2 ноября 1914. Петроград

Ю. Л. Оболенская – К. В. Кандаурову

‹…› Сегодня наконец удостоила своим посещением выставку Добычиной, после чего лежу (не от потрясающего впечатления, но от усталости). Выставка довольно пустая, и конечно, чувствуется, что устроитель ни аза не смыслит. Из нас крупные вещи у одной Лермонтовой. Они полны недостатков, но это большой талант. Досада берет, что нельзя хвалить, т. к. все сердит доморощенностью какой-то; и нельзя не удивляться дарованию. Вещи не нравятся, дарование большое, и не знаю – что же, в конце концов? Иванова[180] она развесила по разным комнатам, так что не найдешь. Из новых вещей у него 2 небольшие nature morte – камни и складки и 2) поверхность стола, лимон, апельсин, скомканный бумажный мешок и алые две складки – очень серьезная вещь. Но от Иванова хочется очень многого. В меня она ввесила ярко раскрашенный рисунок Кульбина – я не утерпела сказать – ну и соседа Вы мне закатили! А Лермонтова уже подала на нее в суд за не повешенную одну вещь, и Добычина горько жаловалась мне, говоря, что поседела с горя, и указывая на вполне черные свои волосы! Но я все же не понимаю – из-за чего тут судиться. Мой этюд с полынью («твой») она тоже не повесила, но очень хотела его оставить, а я его взяла домой. ‹…› Нет, я никогда не буду выставлять больше и не могу «раздать работ» – ведь их и нет, а то, что есть, в твоем распоряжении, и я бы хотела, если выставлять, то у тебя. ‹…›[181]

4 декабря 1914. Москва

К. В. Кандауров – Ю. Л. Оболенской

‹…› Сегодня целый день работал на выставке «Художники жертвам войны». Выставка – сплошной базар. Кошмар из бездны бесплотных картин. Лучшее на ней – маленькая часть «Мира искусства» и «Бубновый валет». Об остальном и говорить страшно. Пришел домой с таким же чувством, как помнишь, с «весенней» в Академии. Я как-то раздваиваюсь, т. е. хочется все бросить и не смотреть на живопись или же самому начинать мазать. Все это очень странно, моя дорогая, но если могут все, то почему же и мне не портить холст и краски. ‹…›[182]

6 декабря 1914. Петроград

Ю. Л. Оболенская – К. В. Кандаурову

Милый мой дружочек, получила твое письмо, вернувшись с выставки ВОХ. ‹…› Меня заинтересовало посмотреть посмертную выставку нашей Вари, и вот ревела, конечно, на выставке, так плохи стали нервы, до глупости. Видно, что в ней был настоящий живописец, но все это не выразилось, не кончилось, ушло. Странно было видеть фотографию ее в лавровом венке – значит смерть, умерла – как-то не верится. ‹…› На выставке оказался еще страшно любопытный отдел детских рисунков, т. е. отчет одной ярославской школы для крестьянских мальчиков лет 11–12. Их преподаватель Матвеев, член ВОХ. Я не могу рассказать тебе, до чего талантливы эти дети: таких детских рисунков я не видала еще ‹…› Этюды с натуры и орнаменты этих детей очень определенны; но меня заинтересовали больше иллюстрации: Билибин и Ко какая бедность рядом с ними! Этот Матвеев говорит, что со всеми детьми может добиться таких результатов. Дай ему Бог. ‹…›[183]

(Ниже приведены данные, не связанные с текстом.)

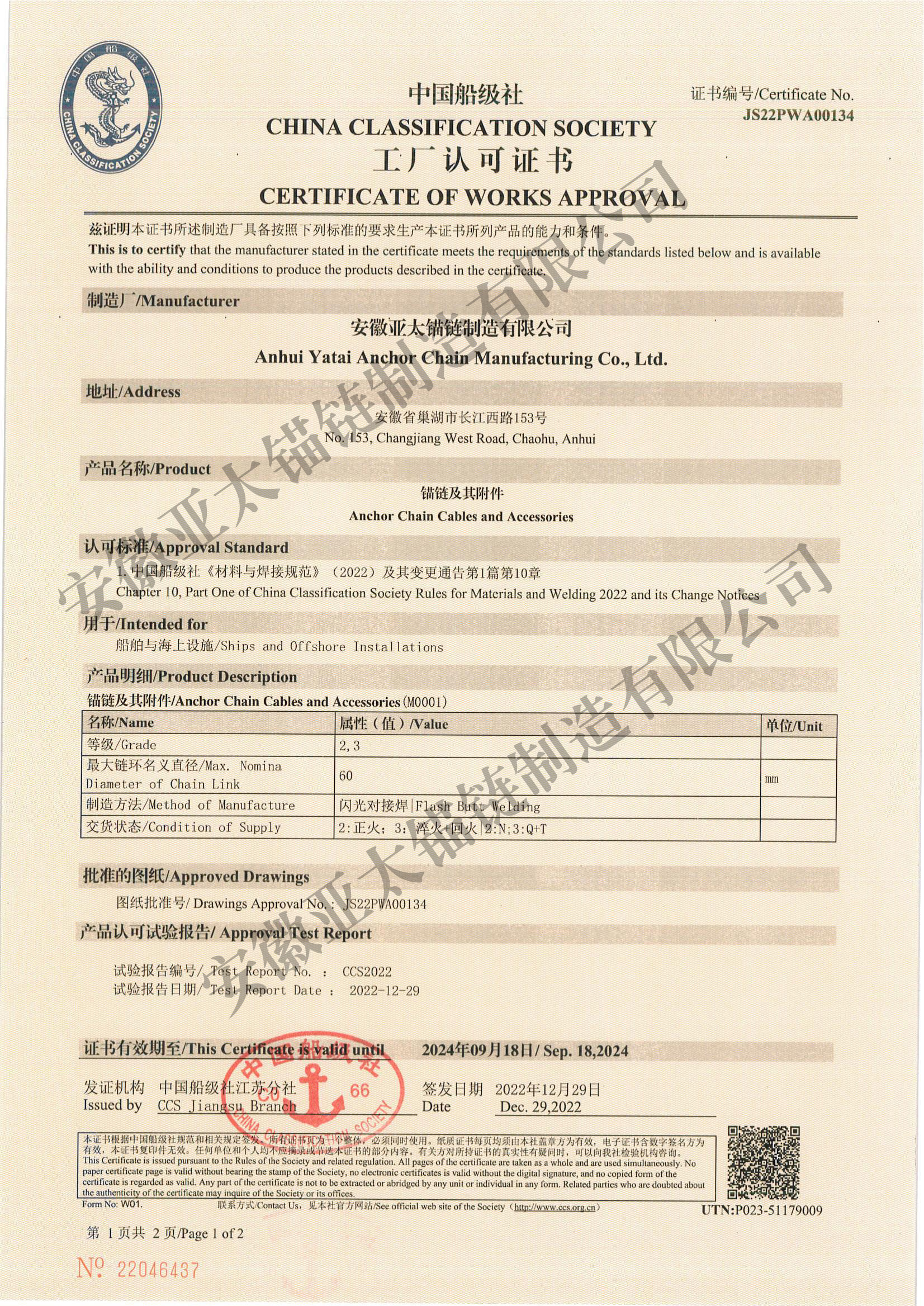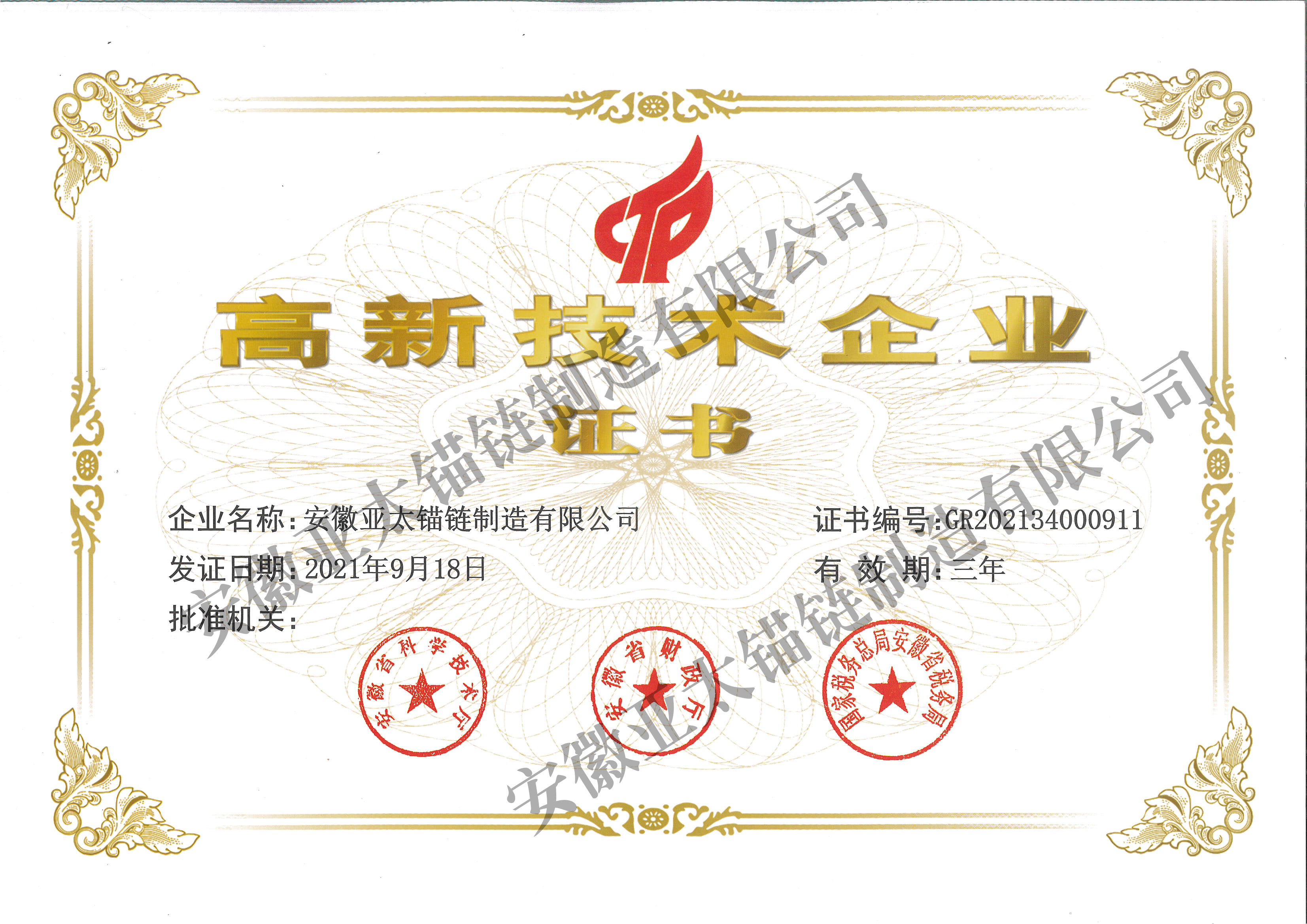 安徽亞太錨鏈制造有限公司是國家高新技術(shù)企業(yè),也是國家GB/T 549-2017《電焊錨鏈》標(biāo)準(zhǔn)的起草和制定單位之一。公司旗下設(shè)有錨鏈分廠、浮標(biāo)分廠、舾裝件分廠等多個(gè)分廠。公司專業(yè)從事φ12.5mm-φ107mm二、三級船用錨鏈、浮標(biāo)錨鏈、錨鏈附件,錨、船舶曬裝產(chǎn)品、航標(biāo)、系船浮、船型標(biāo)、多種規(guī)格海洋監(jiān)測浮標(biāo)及航標(biāo)燈等產(chǎn)品的生產(chǎn)、安裝和服務(wù)。目前公司的產(chǎn)品銷往全國各地船廠、碼頭、航標(biāo)處、航道局、海洋局,并已走上國際市場,如東南亞、中東、歐美等國家。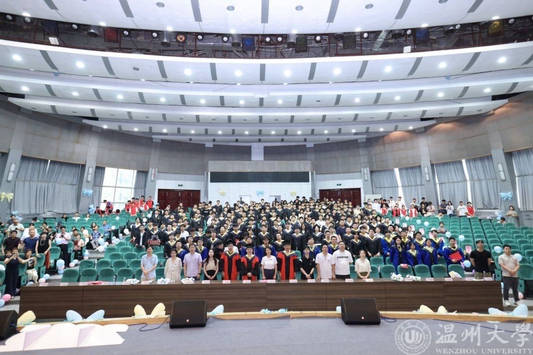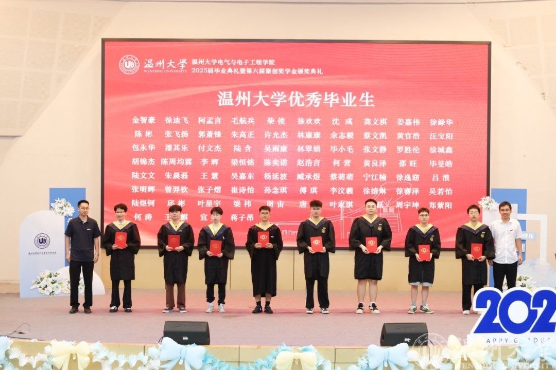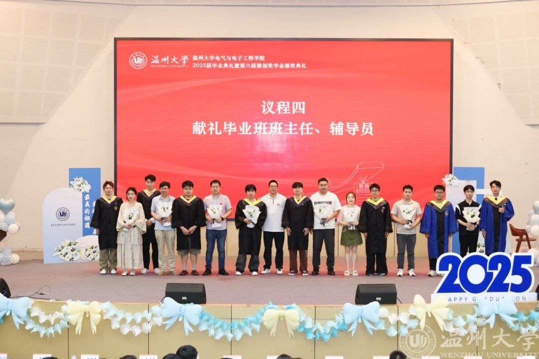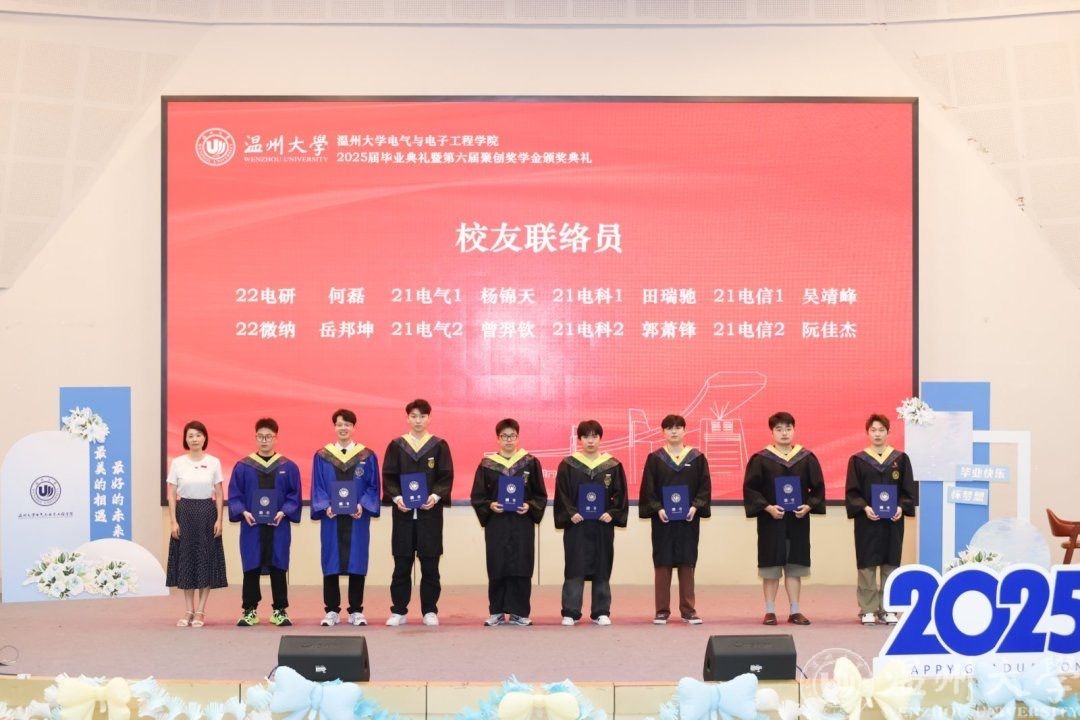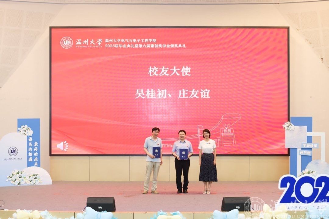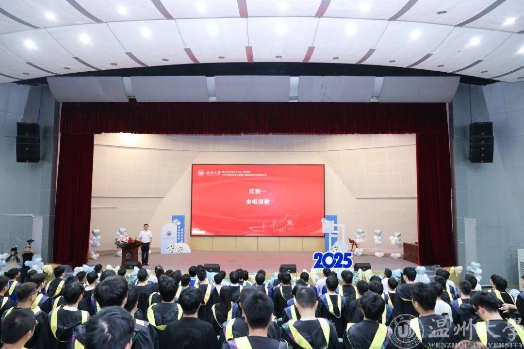 六月的温州,栀子飘香,蝉鸣声声,毕业的离歌与未来的序曲在瓯江之畔交织回响。2025年6月21日下午14时,yl23455永利官网2025届毕业典礼暨第六届聚创奖学金颁奖仪式在南校区9号报告厅隆重举行。全体毕业生、特邀嘉宾吴桂初老师、学院领导班子、系主任、专业负责人、全体辅导员和毕业班班主任等齐聚一堂,共同见证这场青春的告别礼与启航式。

О третьей выставке Внепартийного общества художников, где была развернута посмертная экспозиция Варвары Топер, известно немного и совсем ничего – о самой художнице, умершей летом 1914 года. «Помнишь, мы ехали с Сююрю в тот день, когда я узнала о ее смерти и о близкой смерти моей радости – небо было золотое, ты был около меня в последний раз» – в письме печальные строки усилены личным мотивом, что добавляет грусти. И словно спохватившись, Юлия Леонидовна скрывает переживаемое за курьезом, сообщая о том, что ее этюд, когда-то подаренный Варе, едва не продали как работу Топер, – доход от выставки шел в пользу Лазарета деятелей искусств.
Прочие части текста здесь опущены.